• [BRIEF]
Take the entries that follow and return exactly the lines from the one holding "查海遗址龙形堆石。距今约80" through the one holding "This remains one", both included. Nothing else is needed.

• [EXTRACTED ENTRIES]
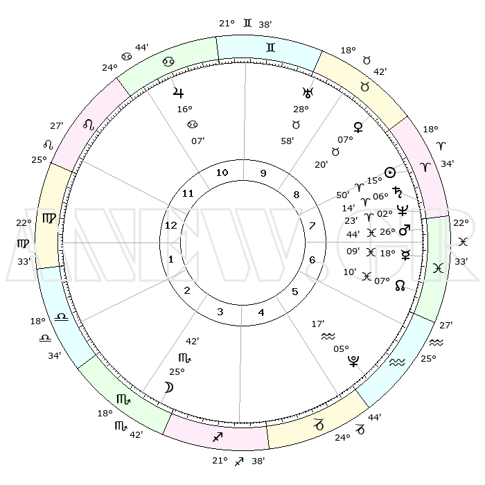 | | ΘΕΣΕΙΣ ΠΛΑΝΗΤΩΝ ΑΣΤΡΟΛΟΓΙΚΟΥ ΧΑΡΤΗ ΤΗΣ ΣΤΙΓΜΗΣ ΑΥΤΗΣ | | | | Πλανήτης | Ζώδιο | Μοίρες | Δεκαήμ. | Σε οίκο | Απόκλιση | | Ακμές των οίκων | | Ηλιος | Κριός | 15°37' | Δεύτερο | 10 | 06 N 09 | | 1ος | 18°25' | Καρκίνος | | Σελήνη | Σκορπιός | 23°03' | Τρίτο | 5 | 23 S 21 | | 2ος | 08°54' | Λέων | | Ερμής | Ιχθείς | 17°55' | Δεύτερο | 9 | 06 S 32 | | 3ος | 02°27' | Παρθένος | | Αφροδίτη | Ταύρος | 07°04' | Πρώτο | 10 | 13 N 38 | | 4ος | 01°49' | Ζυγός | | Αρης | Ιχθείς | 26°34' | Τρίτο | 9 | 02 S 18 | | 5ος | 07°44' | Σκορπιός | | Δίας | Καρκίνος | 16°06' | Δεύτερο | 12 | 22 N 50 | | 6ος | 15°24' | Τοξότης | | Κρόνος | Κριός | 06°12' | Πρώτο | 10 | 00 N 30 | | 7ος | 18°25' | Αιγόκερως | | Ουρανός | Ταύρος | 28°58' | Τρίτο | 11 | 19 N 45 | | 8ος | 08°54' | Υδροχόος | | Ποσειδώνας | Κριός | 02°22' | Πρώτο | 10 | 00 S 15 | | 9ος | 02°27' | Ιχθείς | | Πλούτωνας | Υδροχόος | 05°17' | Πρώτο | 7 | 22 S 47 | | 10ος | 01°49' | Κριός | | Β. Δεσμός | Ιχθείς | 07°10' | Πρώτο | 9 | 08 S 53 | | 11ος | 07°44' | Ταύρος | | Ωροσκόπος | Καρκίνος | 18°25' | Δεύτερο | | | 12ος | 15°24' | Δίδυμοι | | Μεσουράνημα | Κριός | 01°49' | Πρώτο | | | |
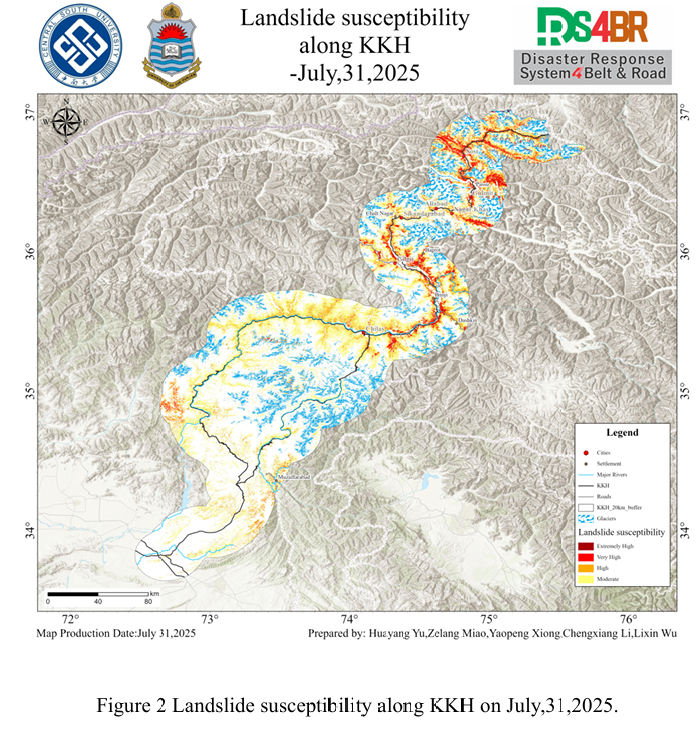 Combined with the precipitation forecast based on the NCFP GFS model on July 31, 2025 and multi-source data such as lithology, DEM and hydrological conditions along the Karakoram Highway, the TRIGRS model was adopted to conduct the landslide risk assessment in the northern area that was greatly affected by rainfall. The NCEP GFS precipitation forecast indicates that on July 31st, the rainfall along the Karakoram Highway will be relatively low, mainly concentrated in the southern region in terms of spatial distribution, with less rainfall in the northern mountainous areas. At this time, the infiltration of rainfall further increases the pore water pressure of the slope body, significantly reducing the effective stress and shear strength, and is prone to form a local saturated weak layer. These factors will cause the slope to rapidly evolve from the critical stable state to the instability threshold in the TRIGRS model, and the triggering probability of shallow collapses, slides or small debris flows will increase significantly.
---
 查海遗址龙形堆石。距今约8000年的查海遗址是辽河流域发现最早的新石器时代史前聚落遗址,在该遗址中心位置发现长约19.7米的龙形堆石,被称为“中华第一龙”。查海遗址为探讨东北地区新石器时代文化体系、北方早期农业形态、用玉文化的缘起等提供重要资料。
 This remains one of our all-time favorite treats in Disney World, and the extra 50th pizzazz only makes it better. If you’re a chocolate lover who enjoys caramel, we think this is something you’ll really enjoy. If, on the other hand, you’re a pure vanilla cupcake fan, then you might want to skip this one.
* * *
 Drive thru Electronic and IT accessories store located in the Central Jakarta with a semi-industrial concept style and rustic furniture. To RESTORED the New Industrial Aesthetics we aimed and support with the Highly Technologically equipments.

• [THE ANSWER]
 查海遗址龙形堆石。距今约8000年的查海遗址是辽河流域发现最早的新石器时代史前聚落遗址,在该遗址中心位置发现长约19.7米的龙形堆石,被称为“中华第一龙”。查海遗址为探讨东北地区新石器时代文化体系、北方早期农业形态、用玉文化的缘起等提供重要资料。
 This remains one of our all-time favorite treats in Disney World, and the extra 50th pizzazz only makes it better. If you’re a chocolate lover who enjoys caramel, we think this is something you’ll really enjoy. If, on the other hand, you’re a pure vanilla cupcake fan, then you might want to skip this one.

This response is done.